厚生労働省はこのほど、男性の育児参加促進を目的とした「イクメンプロジェクト」の後継として、「共育(トモイク)プロジェクト」を始動した。背景には、イクメンプロジェクトを通じて育児休業取得率が令和5年度に30.1%まで上昇した一方で、育休後の家事・育児の分担が依然として偏り、長時間労働や「ワンオペ育児」が解消されていないという課題がある。
このため、新プロジェクトでは育児休業を単なる取得促進にとどめず、家事・育児分担の見直しの契機と位置づけ、「脱ワンオペ社会」の実現を目指す。プロジェクトの名称は「共育(トモイク)」とされ、推進体制としては羽生祥子氏を座長とする11名の専門家による推進委員会が発足し、企業、家庭、地域にわたる視点での提言と監修を行う。

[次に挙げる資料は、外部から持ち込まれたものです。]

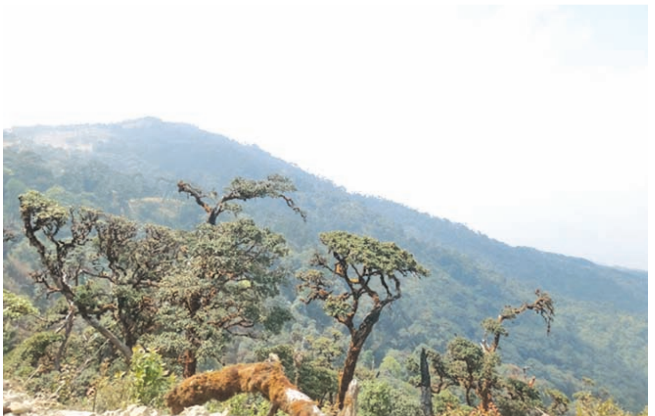
A scenic beauty of Natma Taung National Park in Kanpetlet Township in Chin State.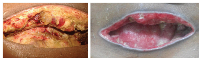
[Table/Fig-2]: Diffuse myonecrosis of abdominal muscles and superficial fascia with avascular necrotic tissue but overlying healthy skin. [Table/Fig-3]: Granulation tissue in the same wound after regular dressing and two debridements.

Keywords: Constipation, Debridement, Myofascitis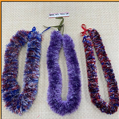
Eyelash or Feathered Yarn Leis 2 colors - $15 3 colors - $18

All fees includes all supplies with the exception of bills (must be wrinkle-free)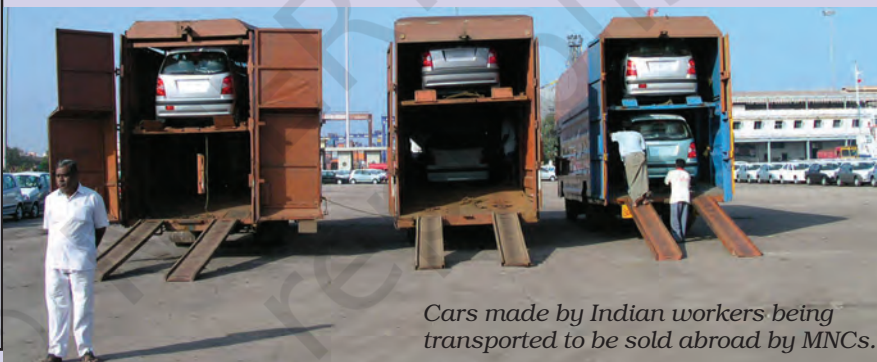
Cars made by Indian workers being transported to be sold abroad by MNCs.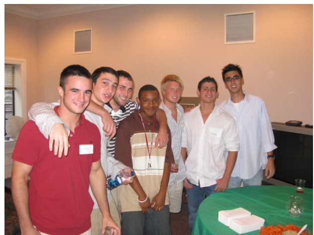
Intensive Freshmen Summer Seminar students hanging out during the IFS Shabbat.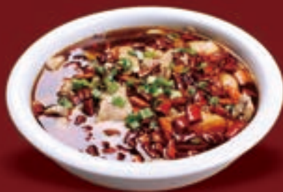
水煮肉片 £15.80/份 Boiled Pork in Hot Sauce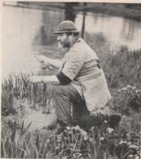
Mr. James Robertson Justice is one well-known trout fisherman who fishes the Itchen waters

Such is but a glimpse of some of the amount of "interference with the balance of Nature" that goes on upon such valuable waters as the Hampshire Itchen and Test. When you are next leaving over one of our bridges, and you can see trout 30 yards away, even though it be 4 ft. down in the water, and you are enjoying the infinite variety of greens which make up the tapestry of our lovely valleys, you may reflect that without this interference there would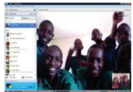
NEW FRIENDS: Children from Good Samaritan School for the Deaf use the online communication tool Skype to communicate with new friends in Canada.

know sign language, and even within their own families, deaf children may be regarded as mentally retarded. Now, about 20 students from Good Samaritan visit the library every week. To help overcome prejudice, the library also works with family members, schools and local institutions like hospitals and the police service. In 2013, the service won an EIFL Public Library Innovation Award for library services contributing to social inclusion in the community.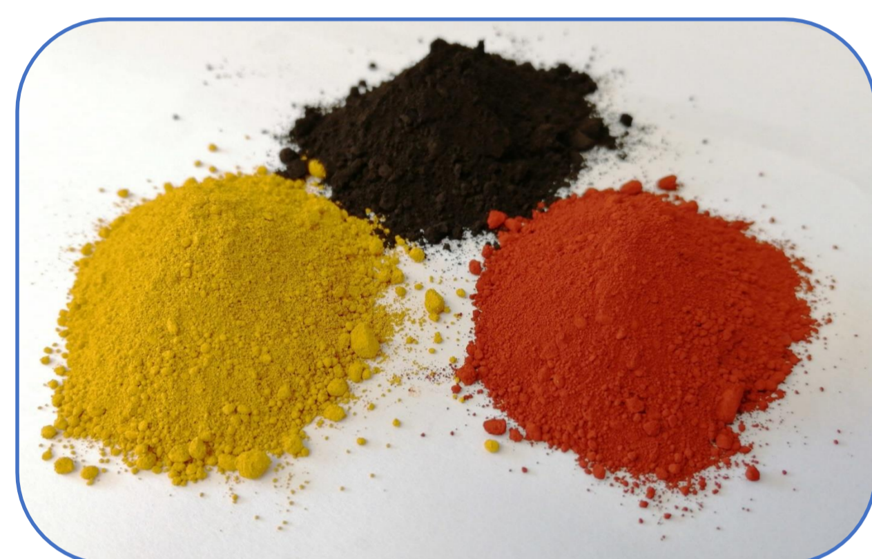
Figure 1: Fe(III)-oxides powders (Goethite, Ferrihydrite, Hematite)

Today, chlordecone (CLD) , an organochlorine pesticide spread on the soil to control the populations of the banana weevil, is responsible for an unprecedented health, environmental, social and political crisis in the French West Indies (FWI) . Despite the health management measures implemented by the authorities to prevent CLD from reaching the consumer's plate, the population continues to be exposed . A definitive solution to the problem would be to destroy the CLD stock in the soil .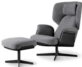
Lounge Chair (non-removable cover)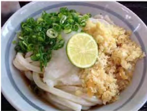
5杯目 冷ぶっかけ (おやつ) - 場所: さめきうどん職人 めりけんや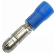
INSULATED BULLET TERMINALS MALE FEMALE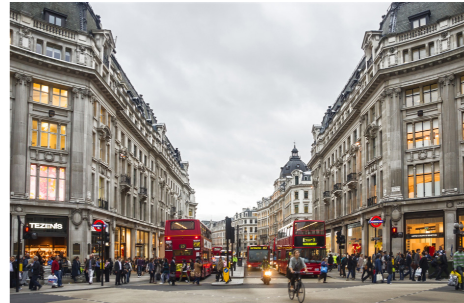
Students can enjoy exploring all that London has to offer, including shopping on Oxford Street (above)

ADDRESS: STAFFORD HOUSE INTERNATIONAL, 43-45 BLOOMSBURY SQUARE, LONDON, WC1A 2RA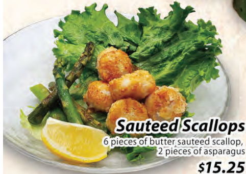
Sautéed Scallops 6 pieces of butter sautéed scallop, 2 pieces of asparagus $15.25

主な取組内容としては、企業に向けた両親学級や育児支援セミナーの開催、若年層向けの意識啓発イベント、育休取得後の男性を対象としたオンラインセミナー、家事・育児タスクの可視化ツール提供、投稿型の情報共有サイトの運営などが予定されている。特に企業に対しては、制度導入だけでなく、職場文化として家事・育児参画が当然とされる風土醸成を促すことが求められている。